Source data
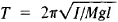 If the amplitude of motion is small, the motion is simple harmonic. The period T, time for a complete vibration (for example, from the extreme displacement right to the next extreme displacement right), is given by Eq. (1). See Harmonic motion (1)
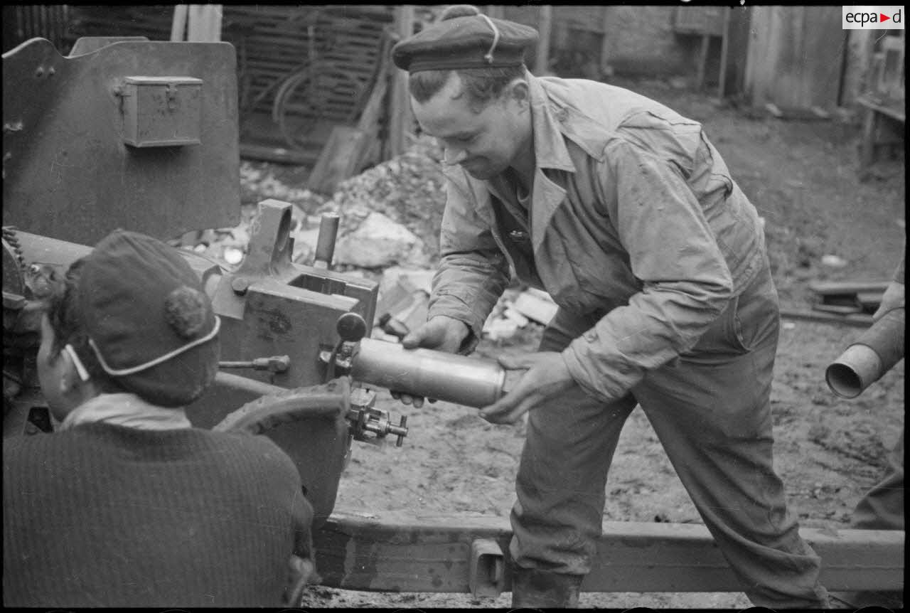 - Fusiliers marins chargeant un obus dans un canon anti-char de 25 mm.
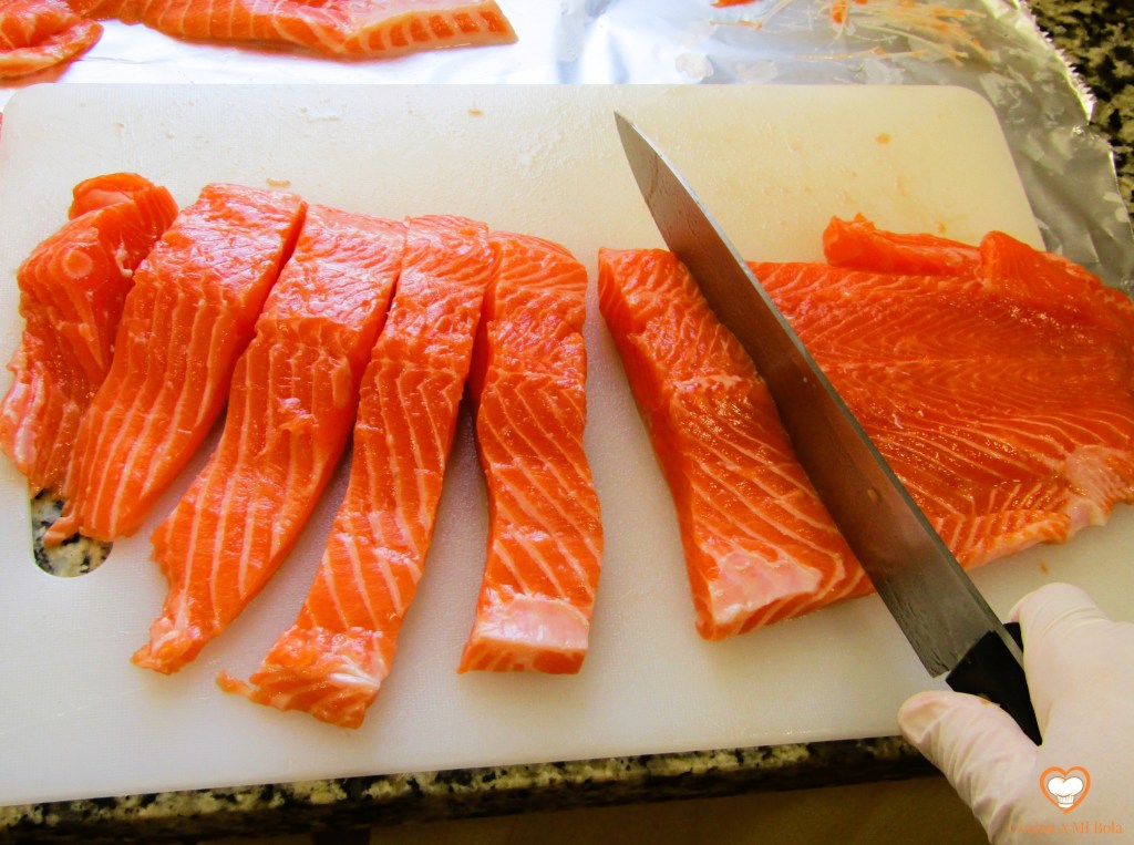 PRIMERO.- Es muy importante que el pescadero corte unas rodajas limpias y lo suficientemente gruesas. Límpialas un poco con un papel de cocina para eliminar restos del corte.
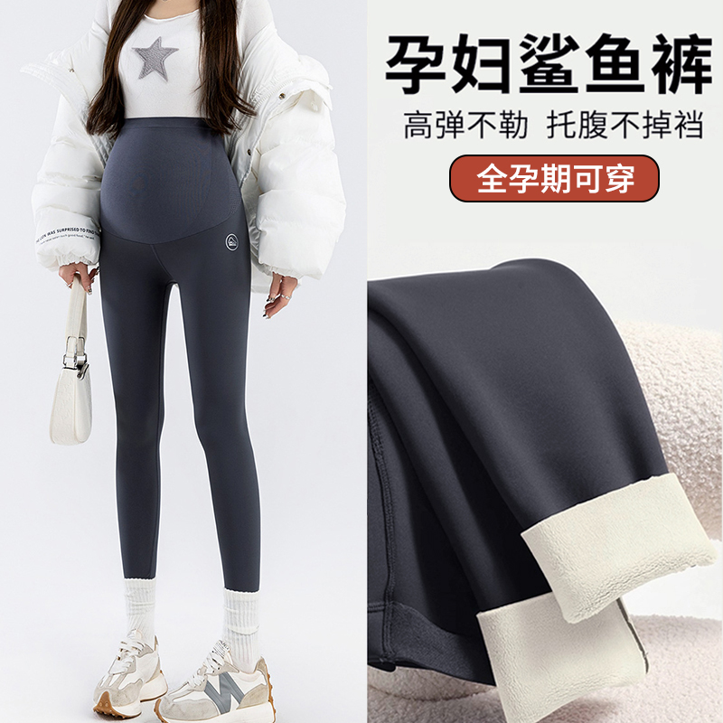 装 托腹保暖打底裤 外穿 春秋冬加绒加厚瑜伽休闲宽松大码 孕妇鲨鱼裤
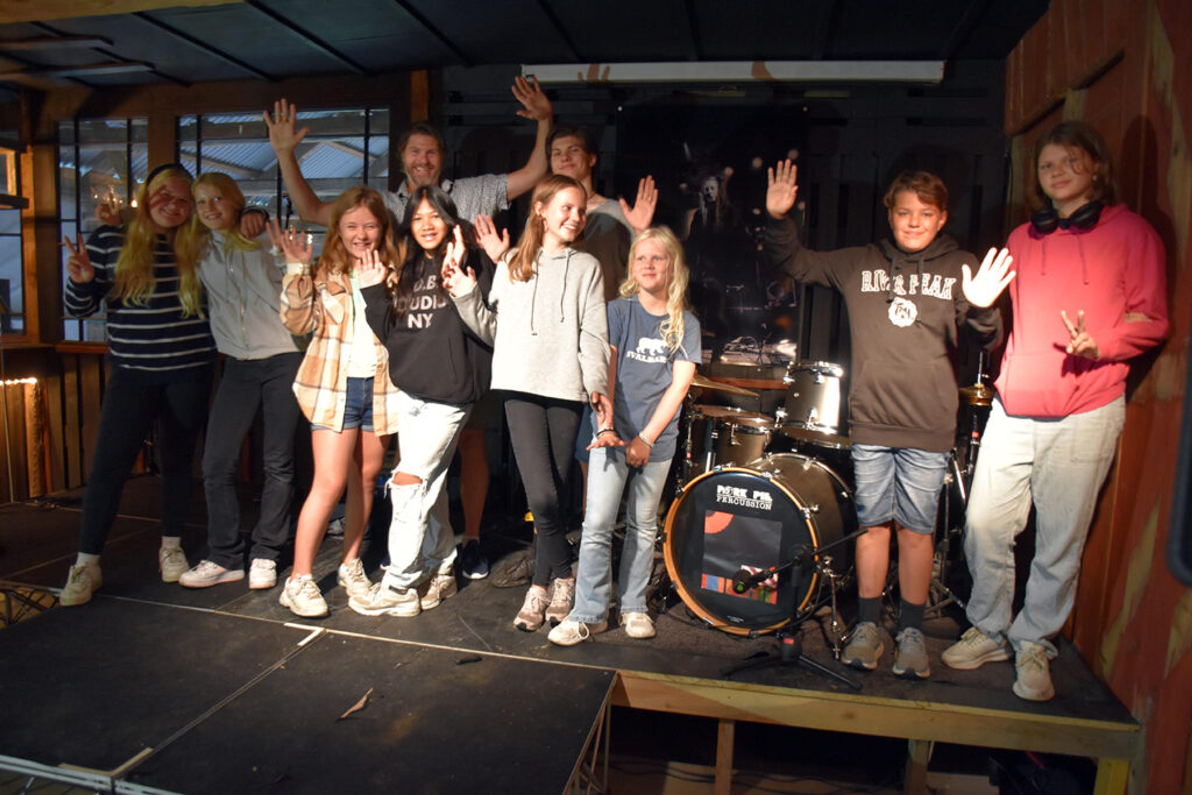 KLARE FOR LÅVESCENEN: Foran fra venstre Sofie S. Karlsson (12), Aurora Kalleberg (12), Ingrid Bøe Røste (11), Rea Rose Nasalo (12), Silje Theiste Gjersøe (13), Maja Larssen Østlie (9), Simon Bryme (11), Hannah H. Hansen (15). Bak fra venstre Thor-Morten Hansen (46) og Håkon H. Hansen (17). Foto: Stian Ormestad.
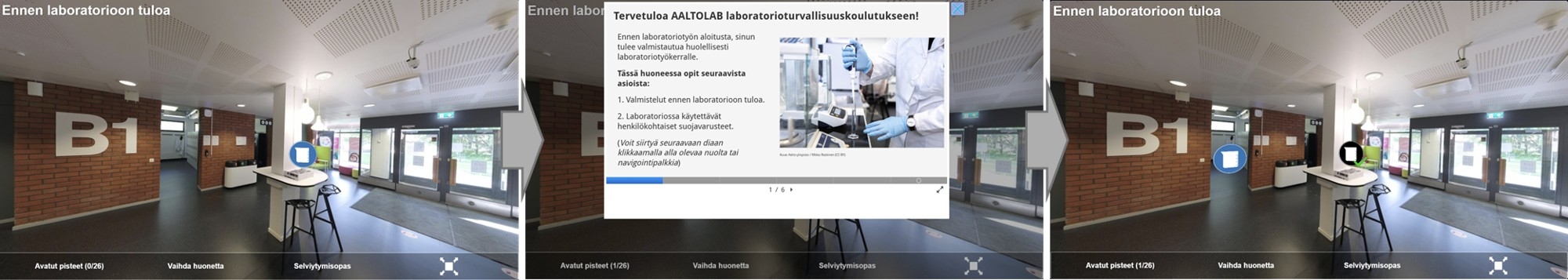 Virtuaalilaboratoriot ovat 360°-oppimisympäristöjä, jotka koostuvat oikeiden laboratorioympäristöjen 360°-panoraamakuvista (kuva 1). Näiden panoraamakuvien sisällä on oppimateriaaleja, jotka sisältävät tekstiä, kuvia, videoita sekä interaktiivisia elementtejä kuten harjoitustehtäviä videossa tai erillisenä osana (kuva 2). Virtuaalilaboratorio ei tarvitse erillisiä virtuaalitodellisuuslaitteita vaan niitä voi käyttää tavallisella tietokoneella tai tabletilla.
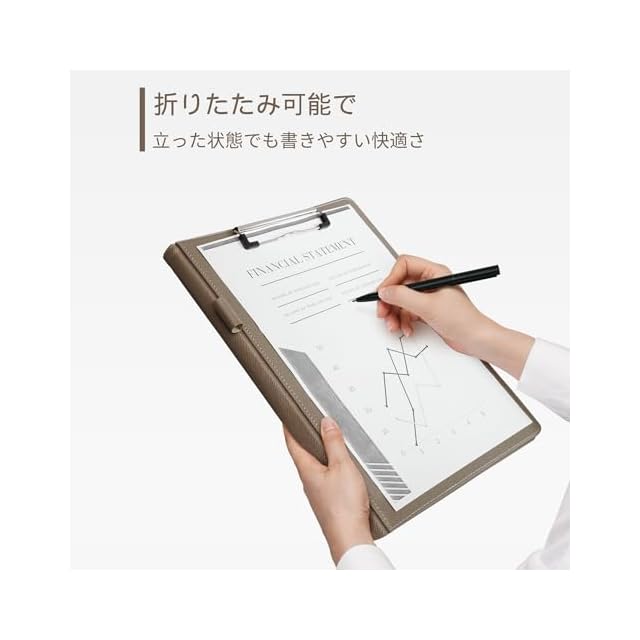バインダーA4 クリップボードフォルダ 二つ折りPU 会議パッドクリップファイル デスクパッド署名フォルダ A4書類フォルダー 契約書サイン専用 オフィス用品 事務用品 (灰褐色) | Trend Design BASE店
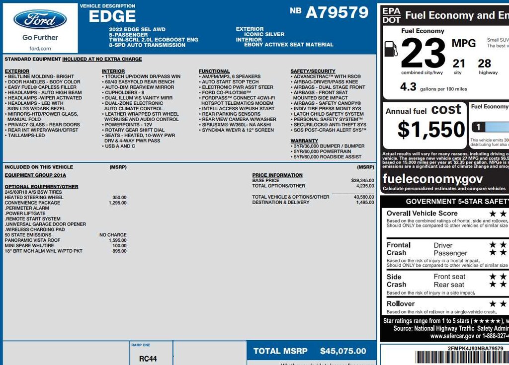 PANORAMIC VISTA ROOF power open/close w/power shade, Standard 2nd row LED dome light is replaced w/2 single lights, Switch located in each grab handle pocket, CONVENIENCE PACKAGE Wireless Charging Pad, SecuriCode Keyless Entry Keypad, Universal Garage Door Opener (UGDO), Perimeter Alarm, Power Liftgate, Remote Start System, Fog Lamps w/Chrome Bezel, 110V/150W AC Power Outlet, WHEELS: 18 BRIGHT-MACHINED ALUMINUM premium dark stainless-painted pockets, HEATED STEERING WHEEL, ENGINE: TWIN-SCROLL 2.0L ECOBOOST auto start-stop technology (STD).
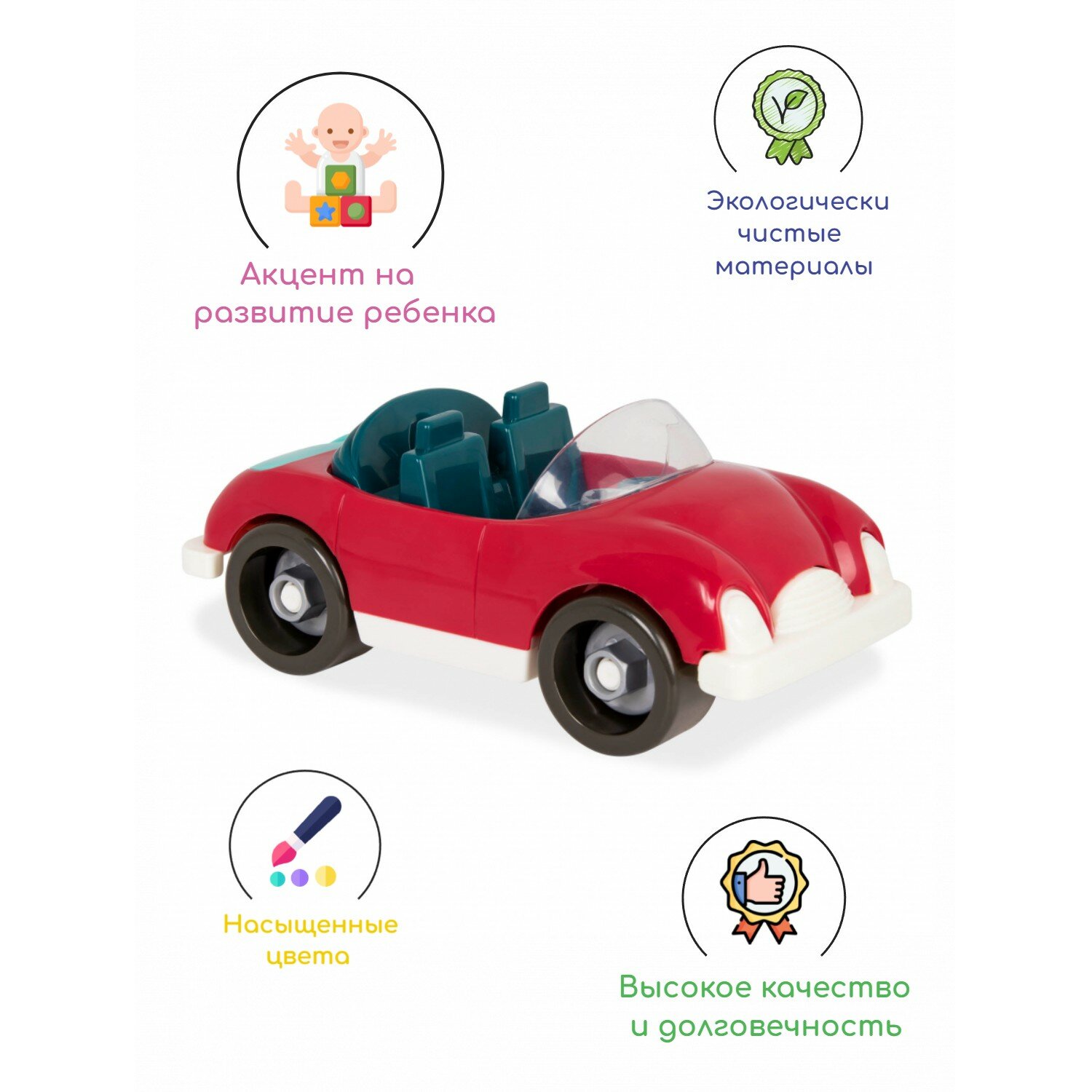 Игрушка конструктор Battat Кабриолет выполнена из прочного пластика ярких цветов. Процесс сборки машины поможет ребенку развить мелкую моторику пальчиков, внимательность и усидчивость.
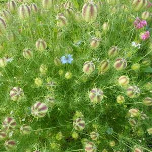 今晩は。 久しぶりのニゲラです。花後沢山の種の風船が膨らんでいます。 ピンクは虫取りナデシコです。
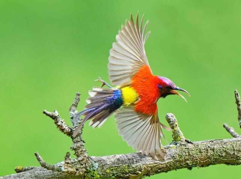 太阳鸟,远古传说中的凤凰神鸟,全世界共有十四种,中国有六种,其中蓝喉太阳鸟的主要分布区位于甘肃南部。蓝喉太阳鸟羽色艳丽,可以说是成县境内最美丽的鸟。它以花蜜和昆虫为食,在传播花粉和抑制害虫方面作用很大,被列入国家“三有”保护鸟类。
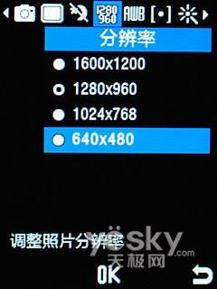 三星F619搭载了一颗200万像素的摄像头,虽然像素偏低,但拍照功能还是相当丰富,最高支持1600×1200分辨率的相片,可调节白平衡、曝光测量、效果等功能,用于日常自拍娱乐没有没问题。
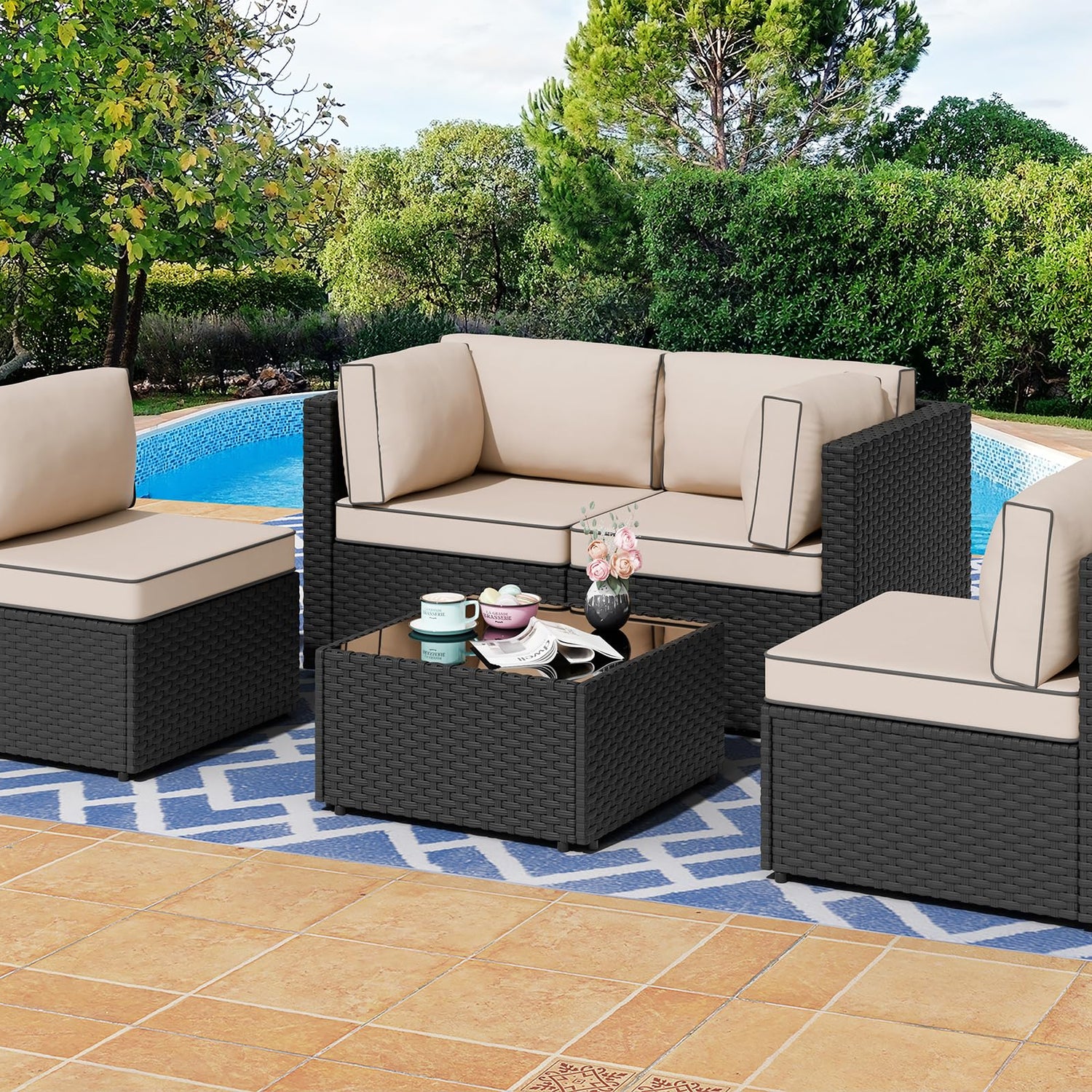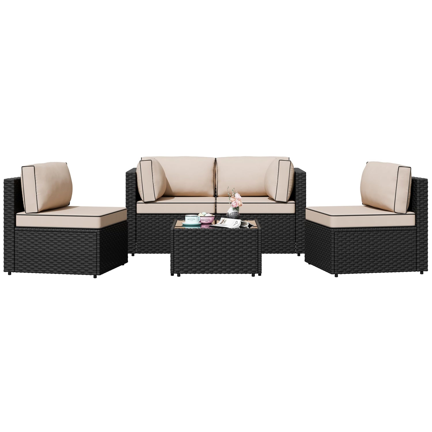 Shintenchi 5 Pieces Outdoor Patio Sectional Sofa Couch, Black PE Wicker Furniture Sets, Patio Conversation Sets with Washable Cushions Glass Coffee Table for Garden, Poolside, Backyard,(Khaki)

PROBLEM
The answer should consist only of the lines above from the one with "太阳鸟,远古传说中的凤凰神鸟" through the one with "三星F619搭载了一颗200", repeated exactly, with no pictures among them.

WORKED SOLUTION
 太阳鸟,远古传说中的凤凰神鸟,全世界共有十四种,中国有六种,其中蓝喉太阳鸟的主要分布区位于甘肃南部。蓝喉太阳鸟羽色艳丽,可以说是成县境内最美丽的鸟。它以花蜜和昆虫为食,在传播花粉和抑制害虫方面作用很大,被列入国家“三有”保护鸟类。
 三星F619搭载了一颗200万像素的摄像头,虽然像素偏低,但拍照功能还是相当丰富,最高支持1600×1200分辨率的相片,可调节白平衡、曝光测量、效果等功能,用于日常自拍娱乐没有没问题。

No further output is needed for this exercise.